Using the meta robots tag with the content="noindex" attribute to prevent the page from being indexed.
While the differences in the three approaches appear to be subtle at first glance, the effectiveness can vary drastically depending on which method you choose.
Using rel="nofollow" to prevent Google indexing
Many inexperienced webmasters attempt to prevent Google from indexing a particular URL by using the rel="nofollow" attribute on HTML anchor elements. They add the attribute to every anchor element on their site used to link to that URL.
Including a rel="nofollow" attribute on a link prevents Google's crawler from following the link which, in turn, prevents them from discovering, crawling, and indexing the target page. While this method might work as a short-term solution, it is not a viable long-term solution.

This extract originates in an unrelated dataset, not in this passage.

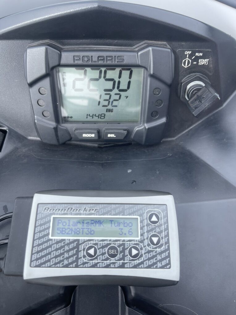 This 2013 Polaris 800 RMK Pro 165 is loaded and ready to ride! Equipped with a full Boondocker turbo kit and boost control box, this sled delivers serious power and performance in deep snow and backcountry terrain. • Odometer: 1,448 miles • Runs flawlessly – all maintenance is up to date and professionally done • Always fueled with 100 octane for optimal performance • Well cared for and garage kept

The flaw with this approach is that it assumes all inbound links to the URL will include a rel="nofollow" attribute. The webmaster, however, has no way to prevent other web sites from linking to the URL with a followed link. So the chances that the URL will eventually get crawled and indexed using this method is quite high.
Using robots.txt to prevent Google indexing
Another common method used to prevent the indexing of a URL by Google is to use the robots.txt file. A disallow directive can be added to the robots.txt file for the URL in question. Google's crawler will honor the directive which will prevent the page from being crawled and indexed. In some cases, however, the URL can still appear in the SERPs.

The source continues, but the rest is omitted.